Gestures are believed to be a more natural and intuitive communication between humans and devices. Ideally, we want users to not think in terms of handling an input device, but naturally use their hands to execute tasks or make use of their skills just as they do for gestural communication with other humans.
We exploit the egocentric paradigm, and focus our attention on hand gestures. Through this method, we hope to help the visually impaired by helping them use simple gestures to interact with their smart phone without physically touching it. We believe that our Hand gesture recognition framework will make the lives of the users simpler by achieving “hands free” interaction through eliminating the need to hold or press the device.
Outline of the Gesture Recognition Method:
1)Hand Segmentation We have used the methodology implemented in “Pixel-level Hand Detection in Ego-Centric Videos” by Cheng Li and Kris M. Kitani.
This paper extracts superpixels at each frame using the SLIC algorithm that performs a k-means-based local clustering of pixels in a 5-dimensional space, where color and pixel coordinates are used. Superpixels are represented with several features: histograms in the HSV and LAB color spaces, which have proven to be good representations for the skin. Garbor filters and a simple histogram of gradients has been utilized to discriminate between objects with a similar color distribution.

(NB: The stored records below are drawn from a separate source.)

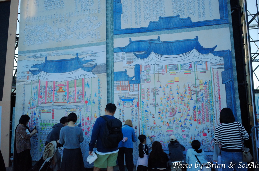 오히려 작년에 광장 바닥에 펼쳐진 의궤 그림을 시민들이 참여해서 색칠을 하게 했던 '시민도화서'는 시즌2를 맞이해서, 위의 관객석 벽에 같은 의궤 그림을 여러 개 설치해두고, 서서 색칠할 수 있도록 해줘서 좋았습니다. 그림을 롤을 돌려서 위아래가 이동하게 만들어 전체 그림을 색칠하게 해주는 것처럼 보였는데요. 그림 벽 앞에 진행요원에게 가서 그림에 표시된 숫자에 해당되는 색깔펜을 받아와서는 칠하면 되는 거였습니다. 시간이 좀 남아서 몇 그림 저도 색칠을 했는데요. 시작할 무렵에는 얼마 참여하지 않아 흰 곳이 많았는데, 오후에 다시 지나갈 때 보니 꽤나 많이 채워져 있더군요.
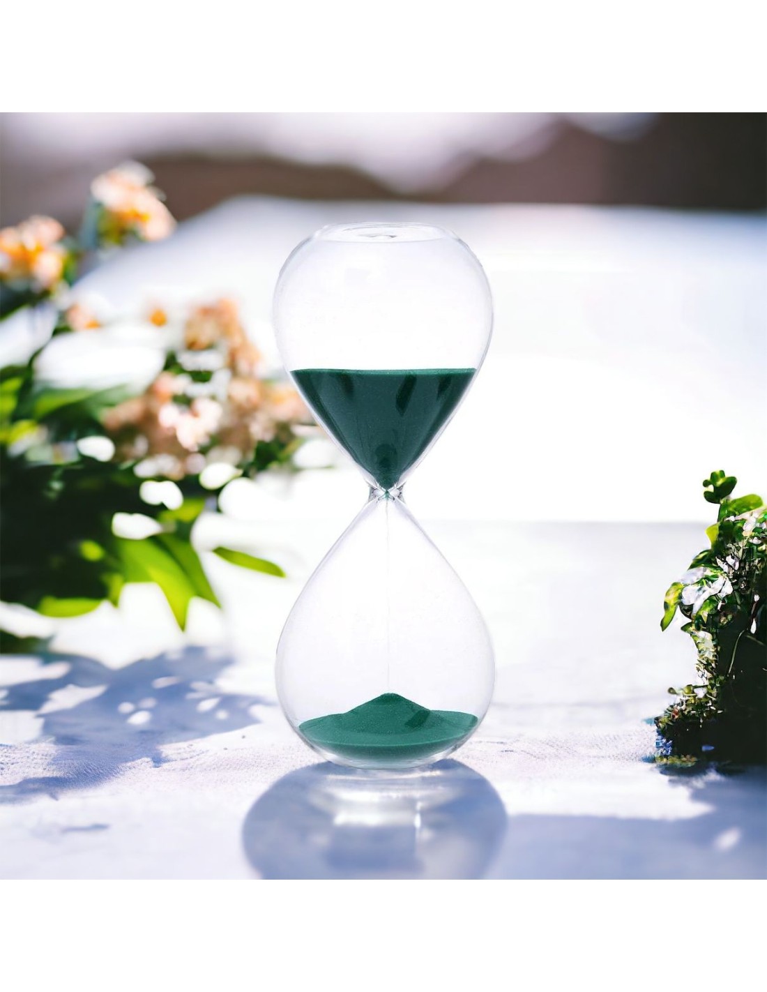 Glass hourglass favor with dark green sand 16.5 cm high 10 minutes is an elegant and unique option for special gifts or keepsakes. This hourglass is made of high quality clear glass and has dark green sand inside that slowly flows over a period of 10 minutes. With a height of 16.5 cm, this hourglass is a refined design object that can be used as a home decoration or as a gift for special occasions such as weddings, anniversaries or birthdays. Its elegance and the hypnotic movement of the sand make it a unique and fascinating option for anyone who wants to add a touch of class and originality to their gifts.
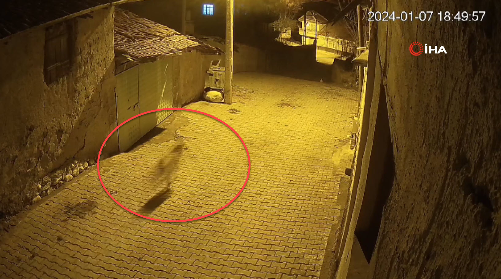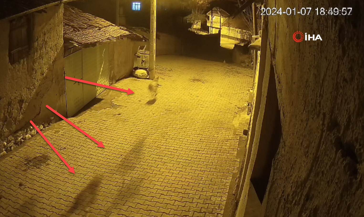 Bu anlar güvenlik kamerasına yansıdı. Güvenlik kamerasınca kaydedilen görüntülerde aç kurtlar, Burak Baltacı'ya ait köpeğe saldırdı.

In order to make this algorithm robust to various illumination conditions, we also train a collection of Random Forest classifiers indexed by a global HSV histogram. Thus, training images are distributed among the classifiers by a k-means clustering on the feature space. While testing, the predictions from the five nearest classifier are averaged to make the final prediction. To ensure, semantic coherence in time and space, a smoothing filter is applied. This helps in the prediction since each frame is replaced with a combination of the classifier results from past frames. Grab Cut algorithm has been used to exploit spatial consistency. This helps in the removal of small and isolated pixel groups and also to aggregate bigger connected pixel groups.
2) Gesture Description using Dense Trajectories
We have used the methodology implemented in “Action Recognition by Dense Trajectories” by Heng Wang et al. We extract feature points around the hands of the user, which we obtain after the hand segmentation step. We use the Improved Dense Trajectories to extract feature points that are densely sampled at several spatial scales and tracked using median filtering in a dense optical flow field. We consider the spatio-temporal volume aligned with each trajectory, and compute the Trajectory descriptor, HOG, HOF and MBH around it.
3)Gesture Recognition & Training
Since the histogram descriptors tend to be sparse, we have applied power normalization to the Dense Trajectory features to obtain our final features. We then create codebooks for each of the descriptors (Trajectory Descriptor, HOG, HOF, MBH) each with a vocabulary size of 500. The final feature vector is then obtained by the concatenation of its four power-normalized histograms. Eventually, gestures are recognized using a linear SVM 1-vs-1 classifier.
We test our algorithm on Egocentric Museum Dataset
- We sample 2 videos per subject per action, to create a code book (ie.. codebook generated from 10% of the dataset). Codebook generated by gestures of the Subject under observation.
- Test Train Ratio: 80:20. (1 vs 1 multiclass svm). SVM trained by gestures of only the Subjects under observation.
- We obtain an accuracy of 94% with this approach.